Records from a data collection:
=====
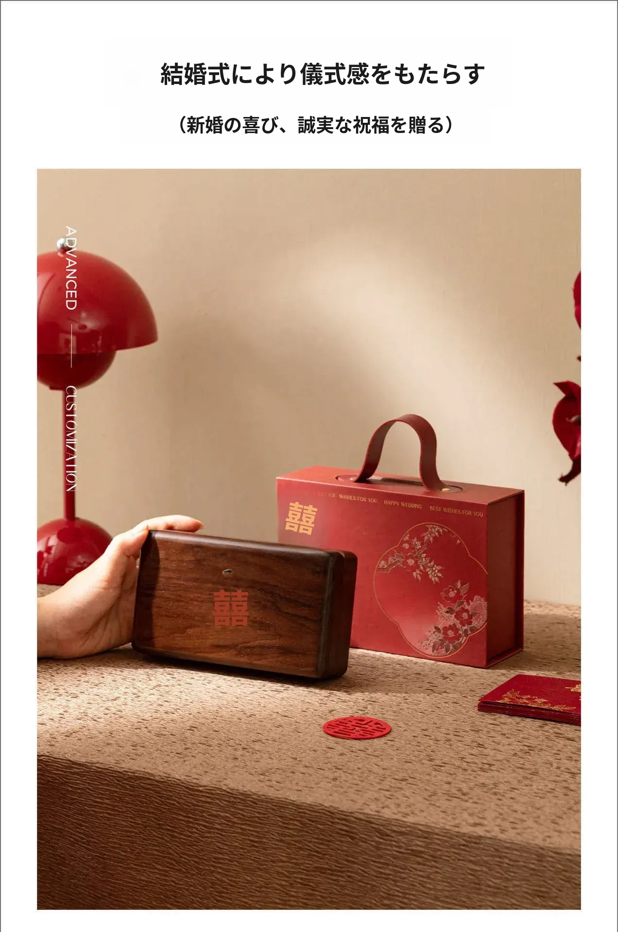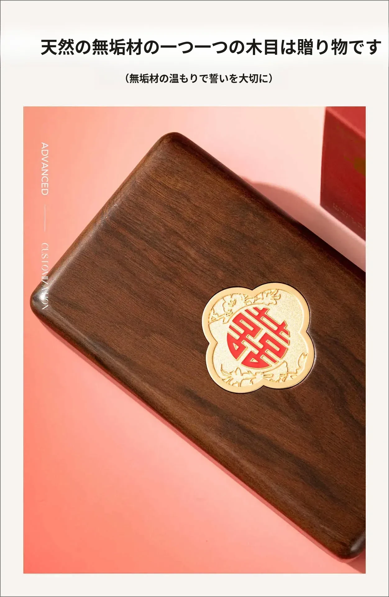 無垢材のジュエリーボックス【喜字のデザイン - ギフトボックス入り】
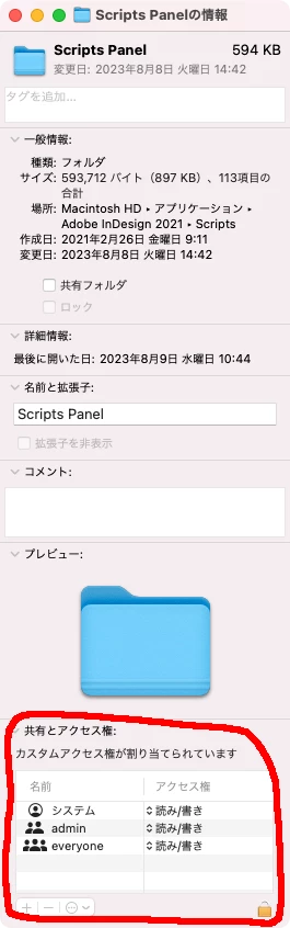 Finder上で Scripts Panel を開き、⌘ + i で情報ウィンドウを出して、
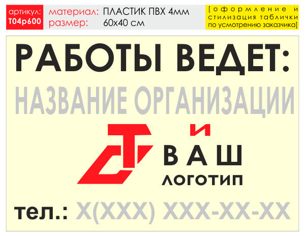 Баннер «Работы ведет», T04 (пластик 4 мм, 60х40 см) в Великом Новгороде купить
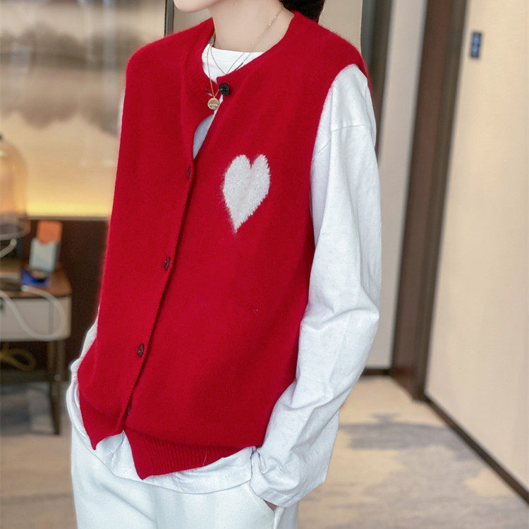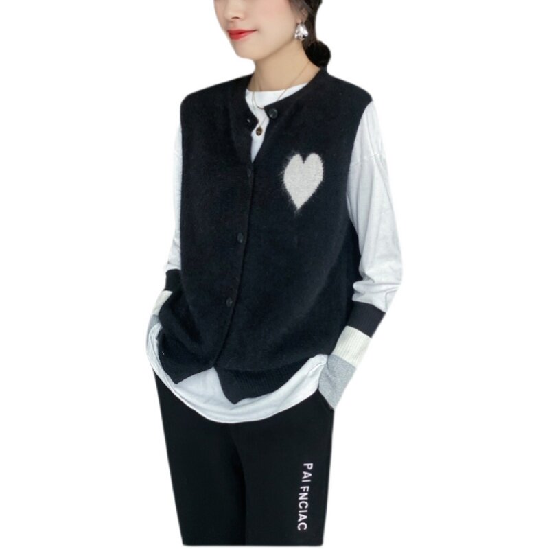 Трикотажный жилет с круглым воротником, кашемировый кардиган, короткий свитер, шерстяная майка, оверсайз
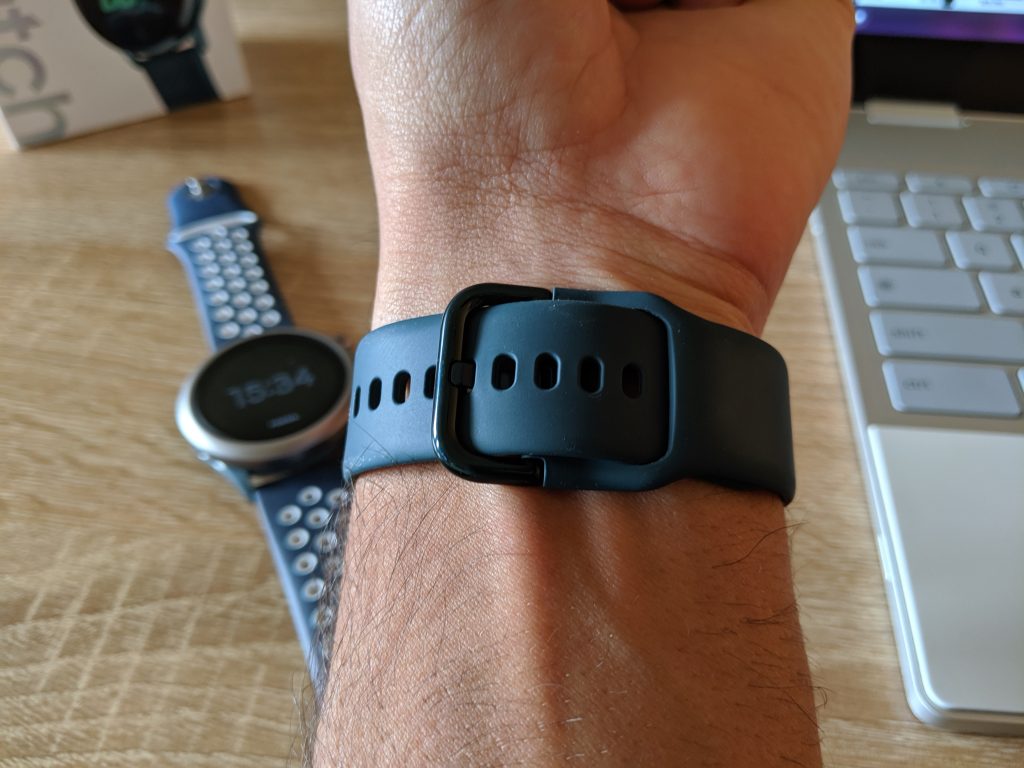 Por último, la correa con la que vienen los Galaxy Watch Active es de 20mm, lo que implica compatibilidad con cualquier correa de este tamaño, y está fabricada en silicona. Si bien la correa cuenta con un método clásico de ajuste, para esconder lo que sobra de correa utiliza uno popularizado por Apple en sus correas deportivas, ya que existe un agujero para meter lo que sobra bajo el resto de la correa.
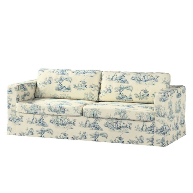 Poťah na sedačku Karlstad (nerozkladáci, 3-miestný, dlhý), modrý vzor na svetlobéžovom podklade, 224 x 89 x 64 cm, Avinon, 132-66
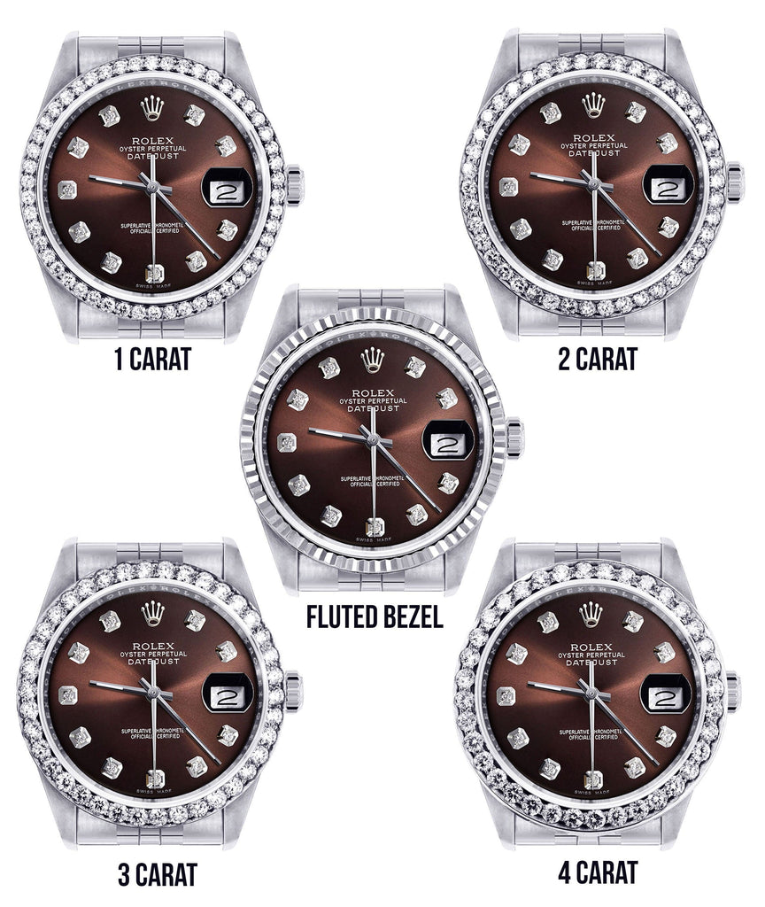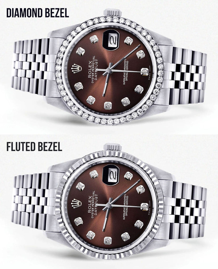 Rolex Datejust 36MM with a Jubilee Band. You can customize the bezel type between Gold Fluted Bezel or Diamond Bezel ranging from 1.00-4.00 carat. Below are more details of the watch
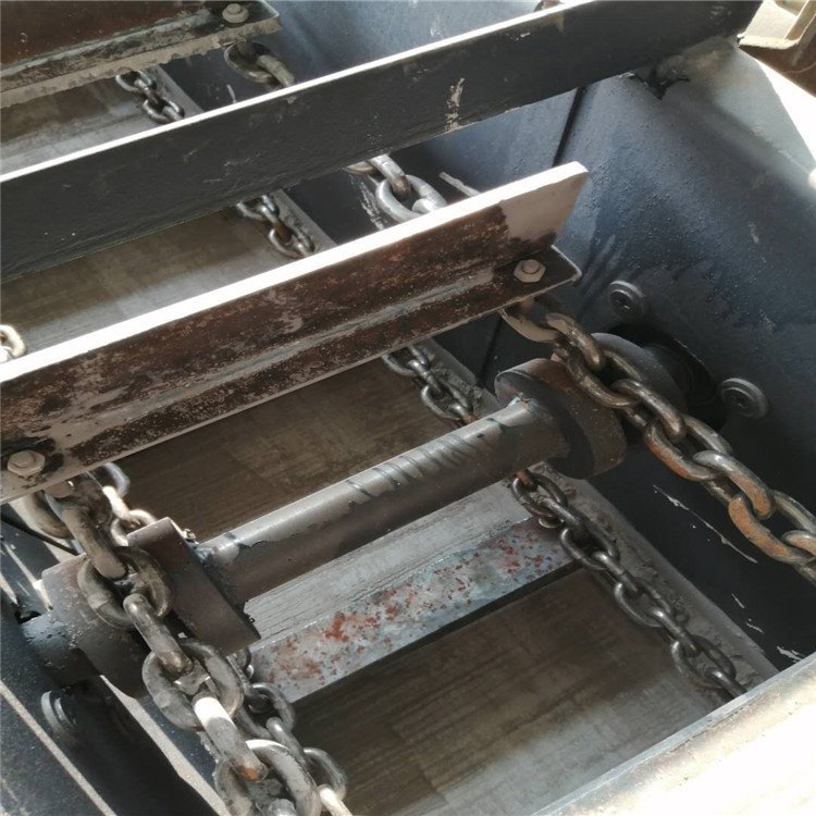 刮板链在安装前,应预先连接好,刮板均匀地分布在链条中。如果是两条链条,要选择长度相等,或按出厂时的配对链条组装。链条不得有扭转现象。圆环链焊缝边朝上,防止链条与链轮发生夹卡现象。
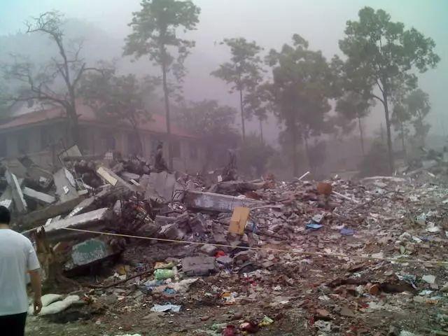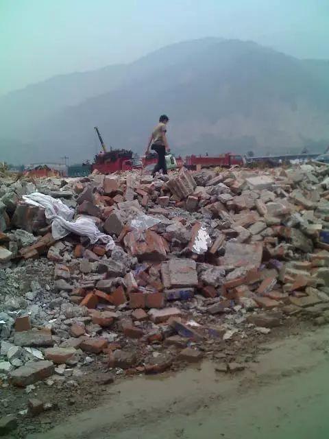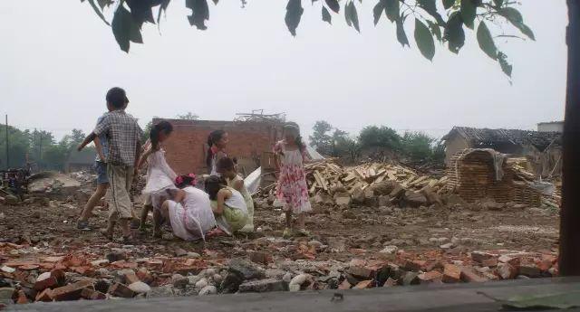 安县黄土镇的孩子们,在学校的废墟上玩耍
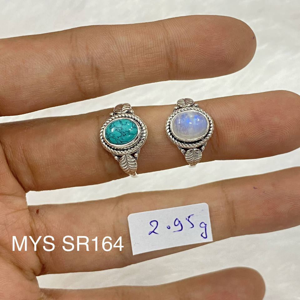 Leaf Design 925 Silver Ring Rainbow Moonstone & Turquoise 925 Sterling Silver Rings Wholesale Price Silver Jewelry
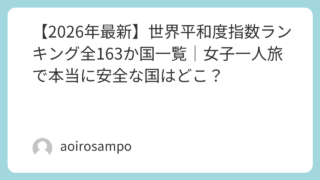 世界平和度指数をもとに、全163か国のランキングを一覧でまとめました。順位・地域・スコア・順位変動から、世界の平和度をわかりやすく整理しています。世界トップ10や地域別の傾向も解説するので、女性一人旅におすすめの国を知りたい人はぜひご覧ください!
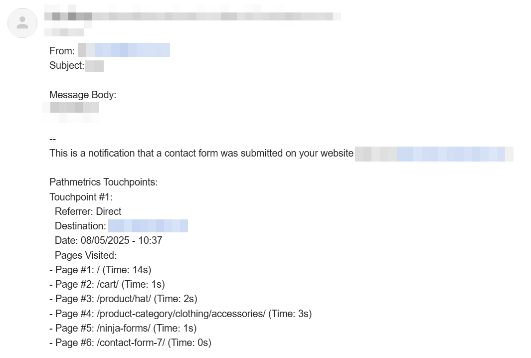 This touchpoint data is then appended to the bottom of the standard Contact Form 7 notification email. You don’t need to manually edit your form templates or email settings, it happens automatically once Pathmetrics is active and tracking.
=====
__Exercise directions__. Starting with the line that contains "Трикотажный жилет с", print every line through the end of the data exactly as written; omit all pictures and add nothing else.

__Result for this task__.
 Трикотажный жилет с круглым воротником, кашемировый кардиган, короткий свитер, шерстяная майка, оверсайз
 Por último, la correa con la que vienen los Galaxy Watch Active es de 20mm, lo que implica compatibilidad con cualquier correa de este tamaño, y está fabricada en silicona. Si bien la correa cuenta con un método clásico de ajuste, para esconder lo que sobra de correa utiliza uno popularizado por Apple en sus correas deportivas, ya que existe un agujero para meter lo que sobra bajo el resto de la correa.
 Poťah na sedačku Karlstad (nerozkladáci, 3-miestný, dlhý), modrý vzor na svetlobéžovom podklade, 224 x 89 x 64 cm, Avinon, 132-66
 Rolex Datejust 36MM with a Jubilee Band. You can customize the bezel type between Gold Fluted Bezel or Diamond Bezel ranging from 1.00-4.00 carat. Below are more details of the watch
 刮板链在安装前,应预先连接好,刮板均匀地分布在链条中。如果是两条链条,要选择长度相等,或按出厂时的配对链条组装。链条不得有扭转现象。圆环链焊缝边朝上,防止链条与链轮发生夹卡现象。
 安县黄土镇的孩子们,在学校的废墟上玩耍
 Leaf Design 925 Silver Ring Rainbow Moonstone & Turquoise 925 Sterling Silver Rings Wholesale Price Silver Jewelry
 世界平和度指数をもとに、全163か国のランキングを一覧でまとめました。順位・地域・スコア・順位変動から、世界の平和度をわかりやすく整理しています。世界トップ10や地域別の傾向も解説するので、女性一人旅におすすめの国を知りたい人はぜひご覧ください!
 This touchpoint data is then appended to the bottom of the standard Contact Form 7 notification email. You don’t need to manually edit your form templates or email settings, it happens automatically once Pathmetrics is active and tracking.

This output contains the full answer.